**EXERCISE DETAILS**
Starting at the first line, copy the data below through to the end, exactly.

**DATA PROVIDED**
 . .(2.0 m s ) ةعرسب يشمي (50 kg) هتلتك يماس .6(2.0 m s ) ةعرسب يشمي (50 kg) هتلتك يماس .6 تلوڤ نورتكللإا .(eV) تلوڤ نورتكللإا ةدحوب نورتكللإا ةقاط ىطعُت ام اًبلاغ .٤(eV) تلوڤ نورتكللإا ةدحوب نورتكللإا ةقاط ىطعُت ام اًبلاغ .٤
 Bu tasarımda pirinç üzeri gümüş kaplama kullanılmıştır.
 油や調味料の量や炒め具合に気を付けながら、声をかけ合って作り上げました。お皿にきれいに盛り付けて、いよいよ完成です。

**THE ANSWER**
 . .(2.0 m s ) ةعرسب يشمي (50 kg) هتلتك يماس .6(2.0 m s ) ةعرسب يشمي (50 kg) هتلتك يماس .6 تلوڤ نورتكللإا .(eV) تلوڤ نورتكللإا ةدحوب نورتكللإا ةقاط ىطعُت ام اًبلاغ .٤(eV) تلوڤ نورتكللإا ةدحوب نورتكللإا ةقاط ىطعُت ام اًبلاغ .٤
 Bu tasarımda pirinç üzeri gümüş kaplama kullanılmıştır.
 油や調味料の量や炒め具合に気を付けながら、声をかけ合って作り上げました。お皿にきれいに盛り付けて、いよいよ完成です。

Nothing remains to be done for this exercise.